2002 – In a strong endorsement of PIH's community-based approach, Haiti receives one of the first grants from the Global Fund to Fight AIDS, Tuberculosis, and Malaria, thus enabling ZL to expand comprehensive medical services, including AIDS treatment, across the Central Plateau and revitalize the public health sector. New funding from the U.S. Centers for Disease Control and Prevention (CDC) and the President's Emergency Plan for AIDS Relief (PEPFAR) supports further expansion of HIV treatment and prevention efforts.

2003 – PIH opens clinics in four new locations in the Central Plateau: Lascahobas, where we inaugurated rural Haiti’s second fully outfitted AIDS clinic; Boucan Carre, where we renovated and equipped an abandoned hospital; and Belladere and Thomonde, where we opened or refurbished clinics. ZL is selected as the site for the CDC’s new initiative to establish a Caribbean training center for AIDS care and treatment. By the end of 2003, ZL is monitoring more than 7,000 HIV-positive patients; of these, more than 700 receive supervised antiretroviral therapy.
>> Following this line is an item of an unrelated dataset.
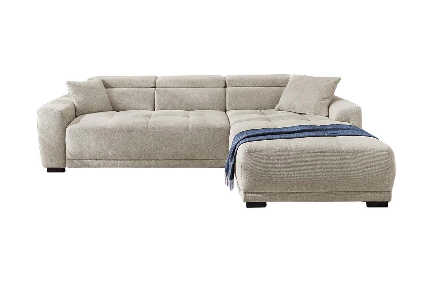 Lieferumfang | 1 Ecksofa mit beidseitig montierbarer Ottomane, 3 Kopfteilverstellungen, elektrischer Sitztiefenverstellung und 2 Zierkissen |
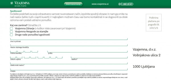 Informacijo o možnostih sklenitve dopolnilnega zdravstvenega zavarovanja za vojne veterane in veteranke pod ugodnejšimi pogoji in dodatnimi ugodnostmi, ter ponudbe vseh treh zavarovalnic bomo še v tem mesecu po pošti poslali tudi na domove vseh članov ZS in ZVVS, tako da se bomo lažje odločili, komu bomo zaupali naše dopolnilno zavarovanje v prihodnje.

Tungiasis Mobile Clinic2004 – PIH/ZL’s first site in Cange now houses a sprawling sociomedical complex boasting a full-service hospital (Clinique Bon Sauveur) with 104 beds and two operating rooms, adult and pediatric inpatient wards; infectious disease, ophthalmology, and general medicine clinics; and a women’s health center. ZL records an average of 350 patient visits per day in Cange, where it also operates a dozen schools, a Red Cross blood bank and housing, social services, and community health programs. Growth continues at our satellite sites as well. Patient visits reach 150 per day In Belladère, after we refurbish a Ministry of Health hospital, build an operating room and establish mobile clinics to address the needs of the migrant population. Boucan Carré records another 250 patient visits per day, many of them at a new 12-bed public hospital constructed and inaugurated in collaboration with the Ministry of Health. Other new initiatives in Boucan Carré include construction of a 14-room staff dormitory and operating room and the launch of a nutrition program, a bakery and a reforestation project.
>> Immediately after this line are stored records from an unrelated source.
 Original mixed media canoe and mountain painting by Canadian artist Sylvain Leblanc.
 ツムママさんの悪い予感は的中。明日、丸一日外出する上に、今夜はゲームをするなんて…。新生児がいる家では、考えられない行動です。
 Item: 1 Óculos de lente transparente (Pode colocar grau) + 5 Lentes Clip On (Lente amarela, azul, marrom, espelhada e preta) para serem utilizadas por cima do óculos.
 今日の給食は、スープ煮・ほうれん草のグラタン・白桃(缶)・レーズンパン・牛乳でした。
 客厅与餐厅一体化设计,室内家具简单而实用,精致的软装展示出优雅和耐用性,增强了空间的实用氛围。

2005 – ZL continues its expansion across Haiti's Central Plateau and beyond. A new hospital opens in Cerca La Source, complete with two large wards, a pharmacy, a drug warehouse, a laboratory, x-ray equipment and offices. ZL enrolls its first patients for antiretroviral therapy at two clinics in the neighboring Artibonite region. The number of patient visits at all ZL clinics and hospitals increases to more than 1.1 million, not including an estimated 1.4 million home visits by accompagnateurs.